┏━━

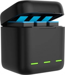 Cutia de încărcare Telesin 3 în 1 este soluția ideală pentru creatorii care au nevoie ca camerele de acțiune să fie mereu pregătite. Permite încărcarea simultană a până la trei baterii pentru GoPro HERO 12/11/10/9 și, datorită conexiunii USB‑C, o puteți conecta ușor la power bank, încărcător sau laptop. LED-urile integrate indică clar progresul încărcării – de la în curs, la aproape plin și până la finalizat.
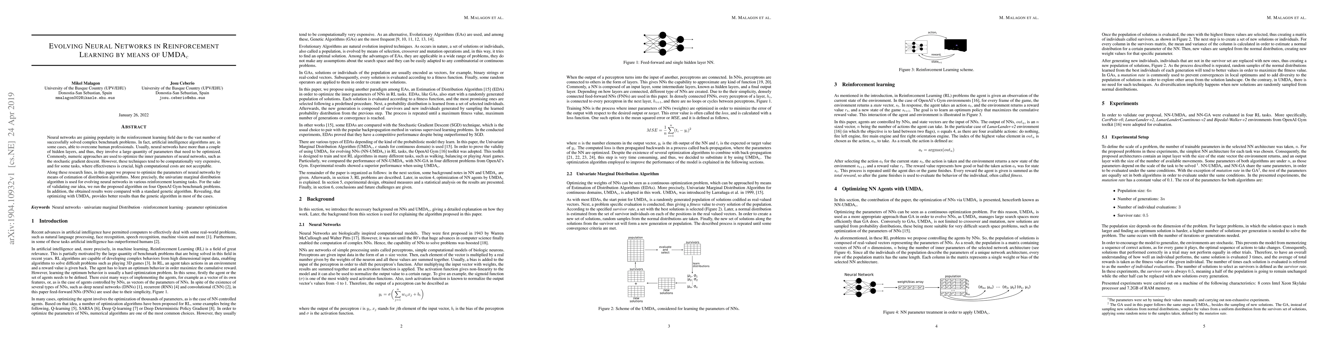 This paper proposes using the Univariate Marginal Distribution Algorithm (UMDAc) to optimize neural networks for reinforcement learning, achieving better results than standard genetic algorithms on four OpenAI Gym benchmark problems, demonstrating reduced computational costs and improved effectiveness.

┗━━
┏━━

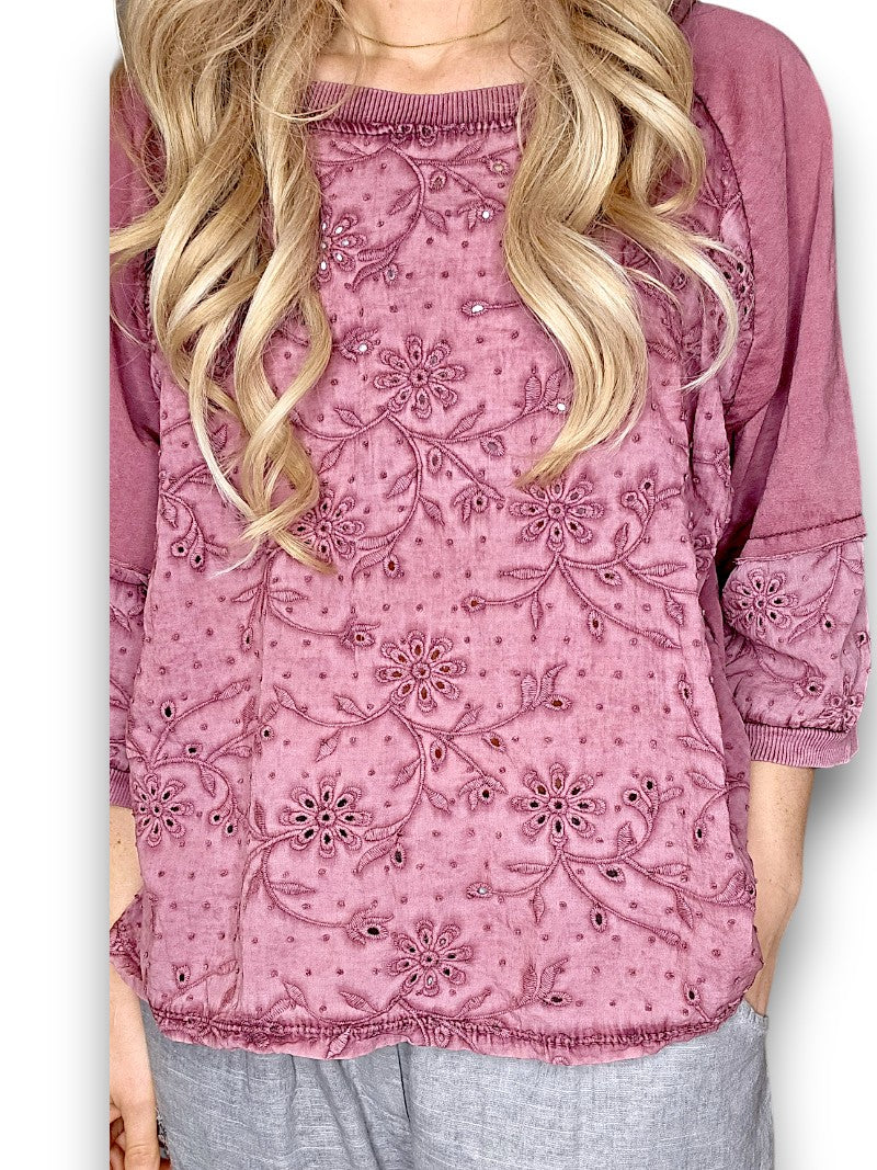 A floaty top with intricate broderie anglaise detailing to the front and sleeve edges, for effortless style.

┗━━
┏━━

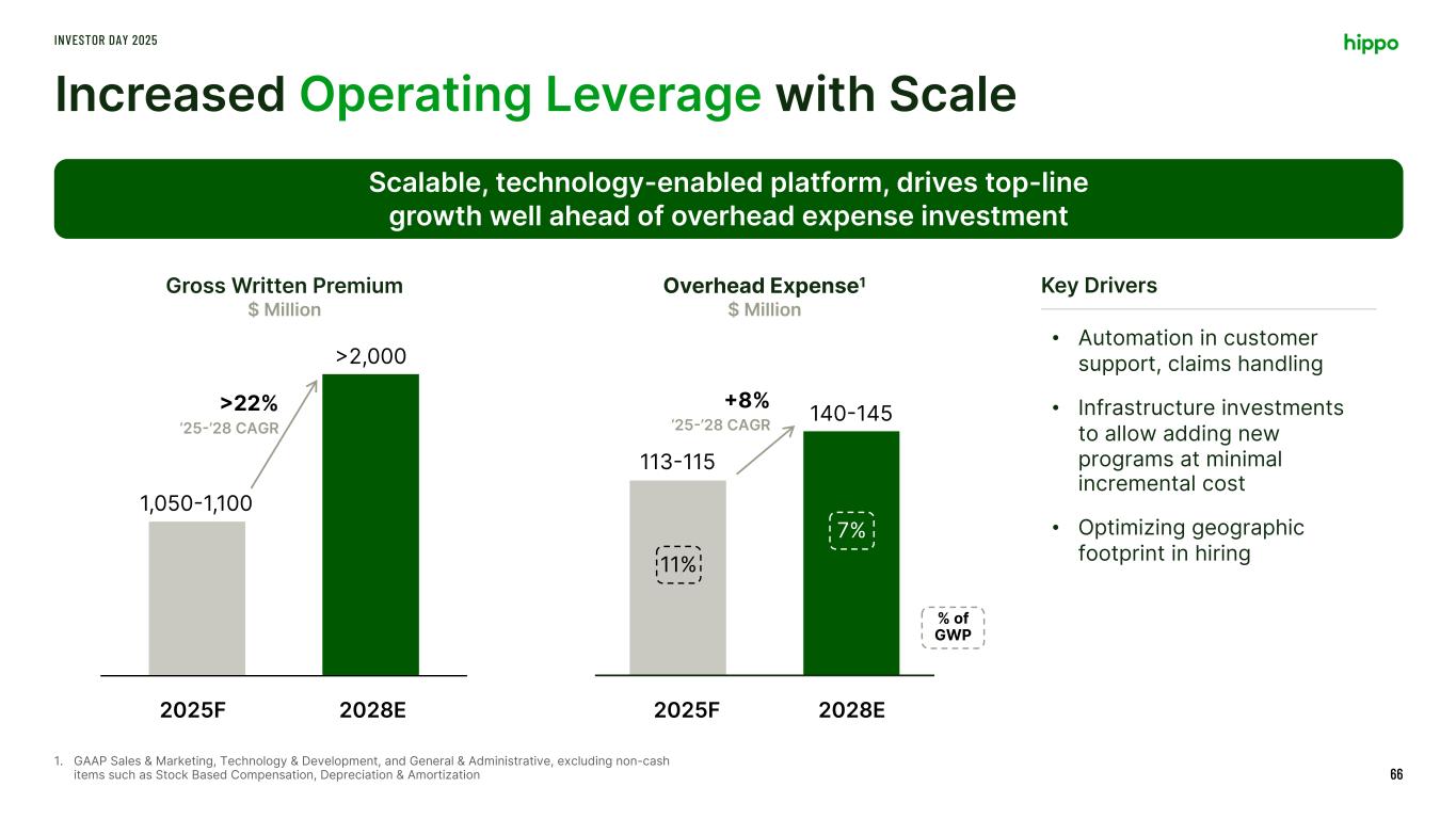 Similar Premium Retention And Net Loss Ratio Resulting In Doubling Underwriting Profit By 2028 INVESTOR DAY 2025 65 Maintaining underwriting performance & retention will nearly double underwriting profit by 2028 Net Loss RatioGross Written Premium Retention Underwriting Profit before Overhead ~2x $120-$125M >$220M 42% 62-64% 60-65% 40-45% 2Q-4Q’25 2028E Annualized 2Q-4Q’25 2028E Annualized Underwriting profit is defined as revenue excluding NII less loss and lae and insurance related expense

┗━━

• [Assignment]:
Using the records above, return word for word the lines that begin at the one containing "Cutia de încărcare" and end at the one containing "This paper proposes", both of them included and no pictures.

• [Answer to this exercise]:
 Cutia de încărcare Telesin 3 în 1 este soluția ideală pentru creatorii care au nevoie ca camerele de acțiune să fie mereu pregătite. Permite încărcarea simultană a până la trei baterii pentru GoPro HERO 12/11/10/9 și, datorită conexiunii USB‑C, o puteți conecta ușor la power bank, încărcător sau laptop. LED-urile integrate indică clar progresul încărcării – de la în curs, la aproape plin și până la finalizat.
 This paper proposes using the Univariate Marginal Distribution Algorithm (UMDAc) to optimize neural networks for reinforcement learning, achieving better results than standard genetic algorithms on four OpenAI Gym benchmark problems, demonstrating reduced computational costs and improved effectiveness.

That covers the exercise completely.